How much money do you need for the Martingale?
It's held that your bank should cover at least 7 losses in a row (×255 of the base bet), and ideally 9 such failures (×1023).
Can you use the Martingale in live roulette?
Yes, since roulette mechanics are the same with a live dealer and with an RNG; at the same time the pace of live roulette is slower, so the actual crash probability is lower (in equal time a player simply makes fewer bets). Live roulette also often has somewhat higher table limits than algorithm-based versions of the game.
What should you do if you reach the table limit?
Since you can't double the bet, you'll have to accept the loss; what remains is either to return to the base bet or to end the session.
How does the Martingale differ from the Grand Martingale?

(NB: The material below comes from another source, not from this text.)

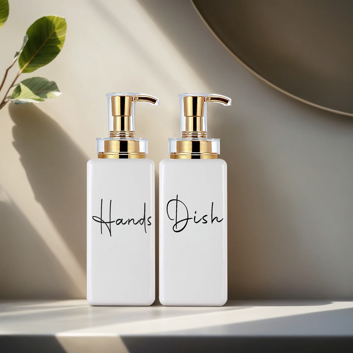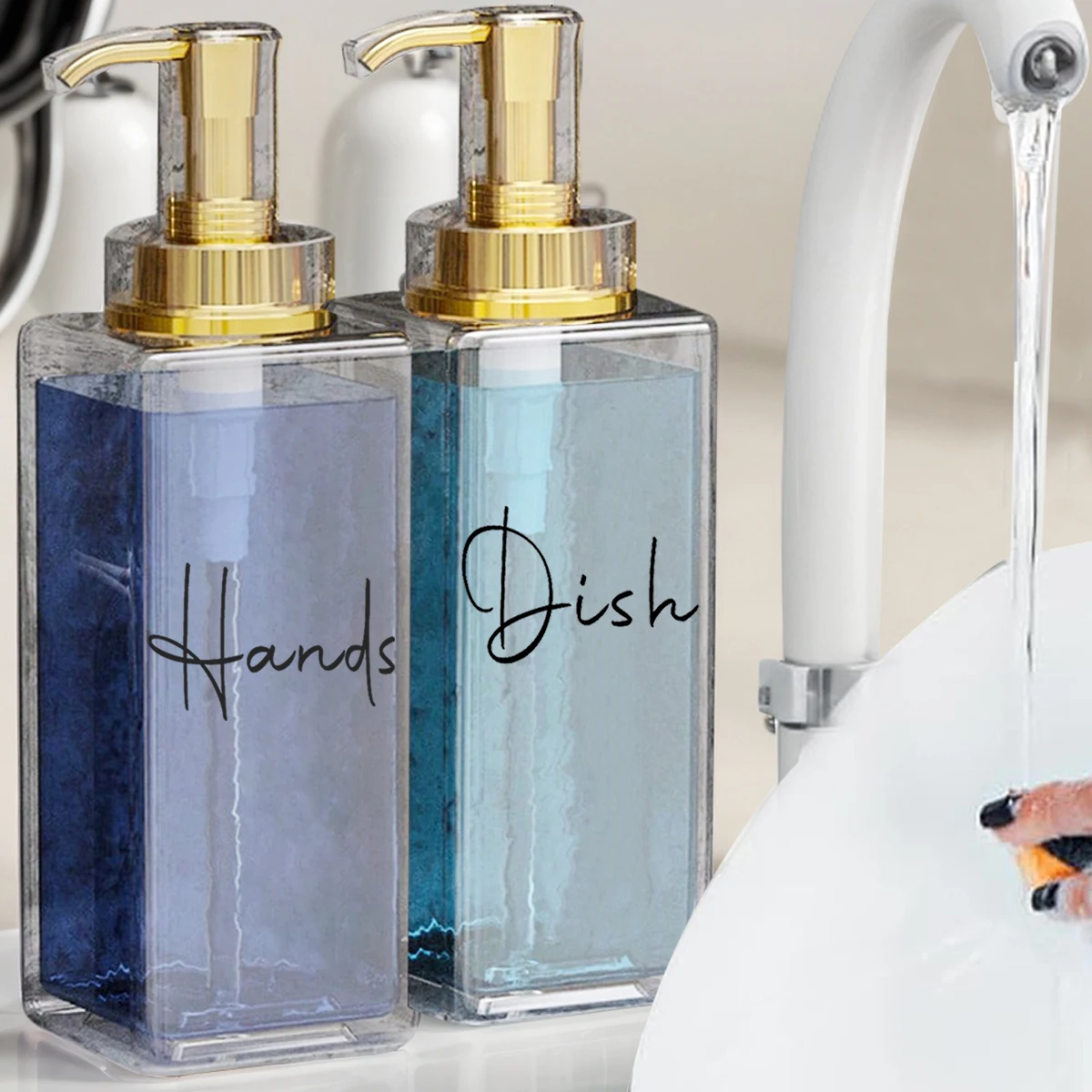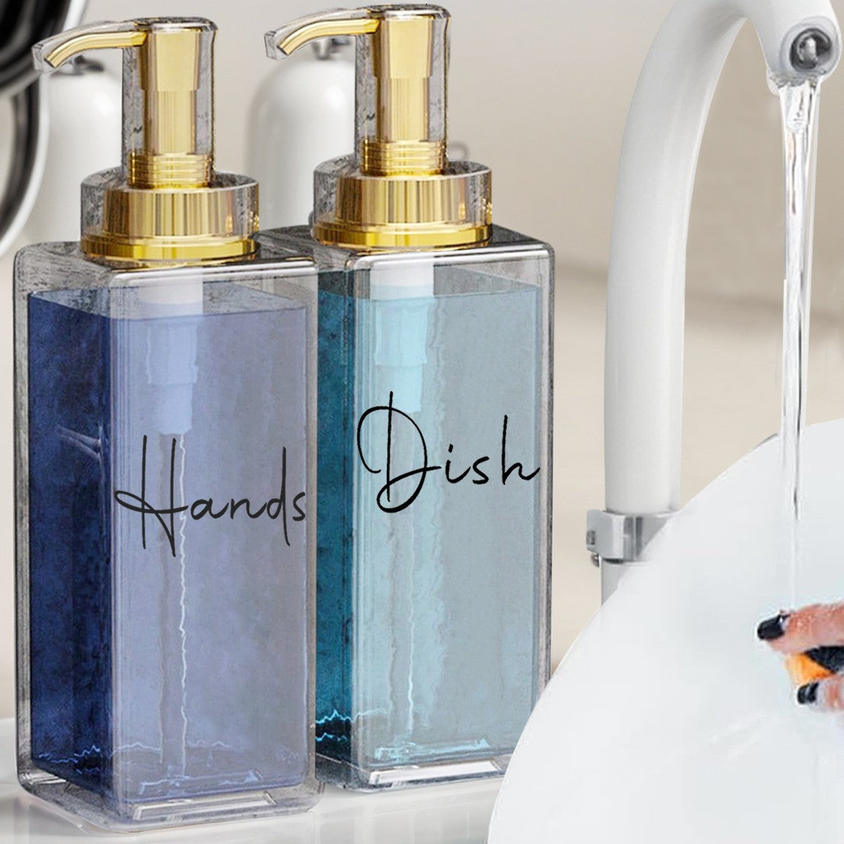 Conjunto de dispensador de sabão para mãos e pratos, formato quadrado, garrafa

The classic Martingale simply doubles the bet after a loss, while the Grand version doubles and adds a base unit. Because of this the Grand Martingale lets you come out in a noticeable plus after a win, but during a run of losses the bank is spent noticeably faster.
Does the Martingale work only in roulette or in other games too?
The Martingale applies wherever the win chance is roughly 1 to 1: the strategy can be used selectively in blackjack, baccarat and sports betting too. It's no good for slots: there the RTP is often lower than in European roulette, and the payout size on a win is volatile.